** Data for this task follows **
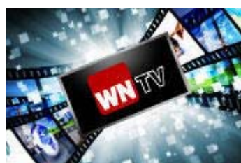
WN-TV Videos aus MS und der Region.
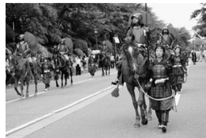
毎年6月の第1土曜日に「金沢百万石まつり」が盛大に行われます。

金沢市では、これらの資産を大切に、市民が誇れるまちであり続けるために、未来を見据え、世界の「交流拠点都市金沢」の実現をめざすとともに、誰もが暮らしやすいまちづくりの推進に取り組んでいます。
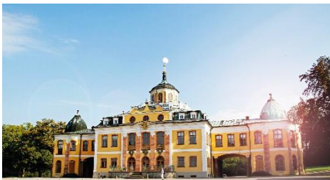
Schloss Belvedere.

www.klassik-stiftung.de/herzogin-anna-amalia-bibliothek
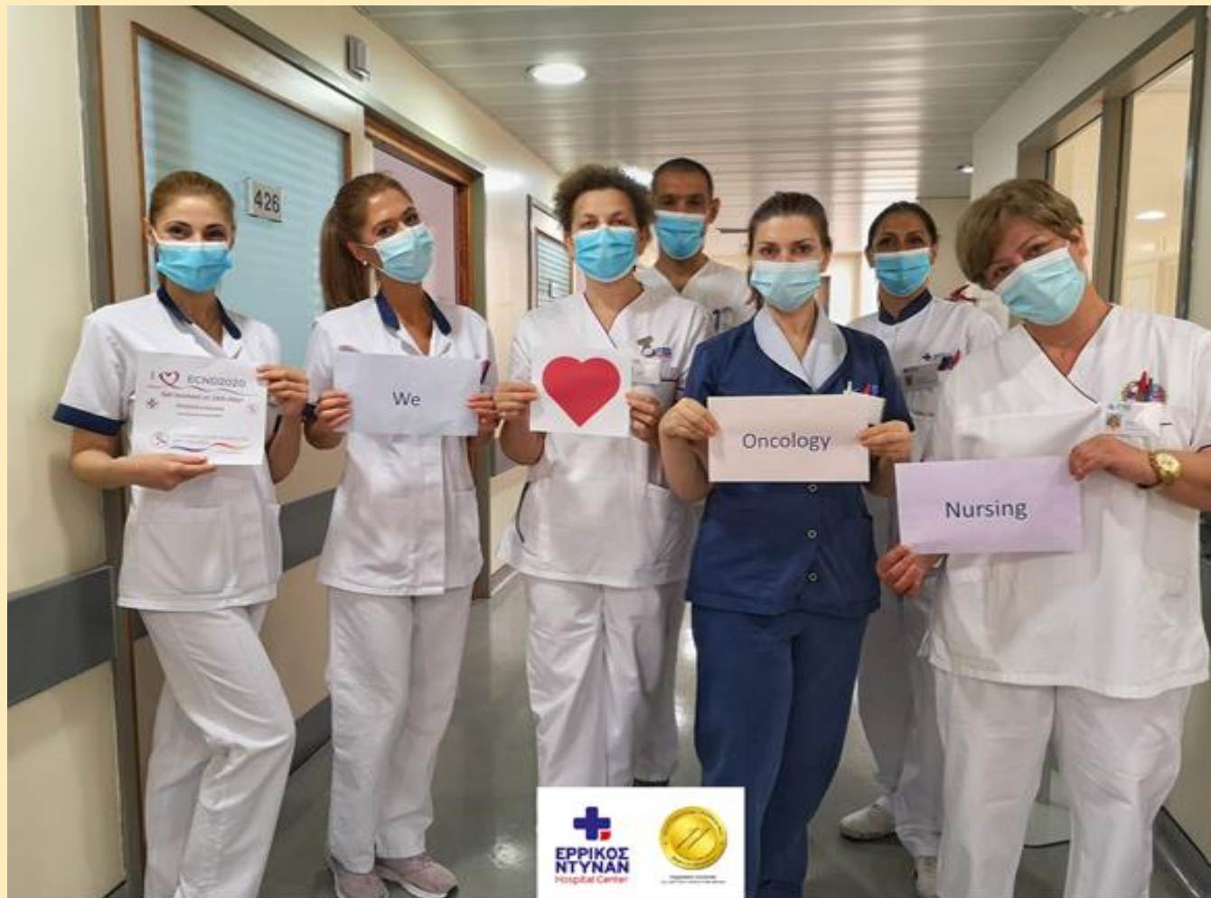
Ερρίκος Ντυνάν Hospital Center Τμήμα Ημερήσιας Νοσηλείας – Χημειοθεραπειών

Ευχόμαστε σε όλους τους Ογκολογικούς Νοσηλευτές Χρόνια Πολλά με αγάπη και σεβασμό στον Ογκολογικό Ασθενή!
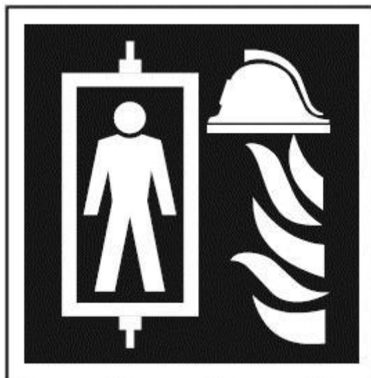
Приложение А (обязательное)
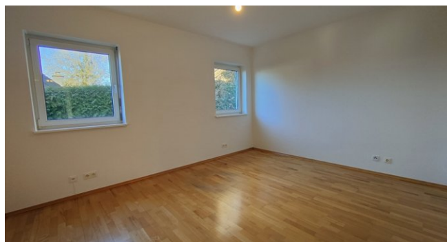
Whg. OG: Zimmer
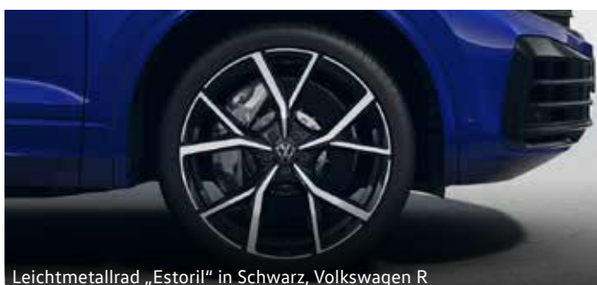
Leichtmetallrad „Estoril“ in Schwarz, Volkswagen R
** End of Data for this task **
* Work instructions
Beginning with the line that has "Ερρίκος Ντυνάν Hospital", repeat each remaining line of the data above word for word, keeping pictures out.

* Result
Ερρίκος Ντυνάν Hospital Center Τμήμα Ημερήσιας Νοσηλείας – Χημειοθεραπειών

Ευχόμαστε σε όλους τους Ογκολογικούς Νοσηλευτές Χρόνια Πολλά με αγάπη και σεβασμό στον Ογκολογικό Ασθενή!
Приложение А (обязательное)
Whg. OG: Zimmer
Leichtmetallrad „Estoril“ in Schwarz, Volkswagen R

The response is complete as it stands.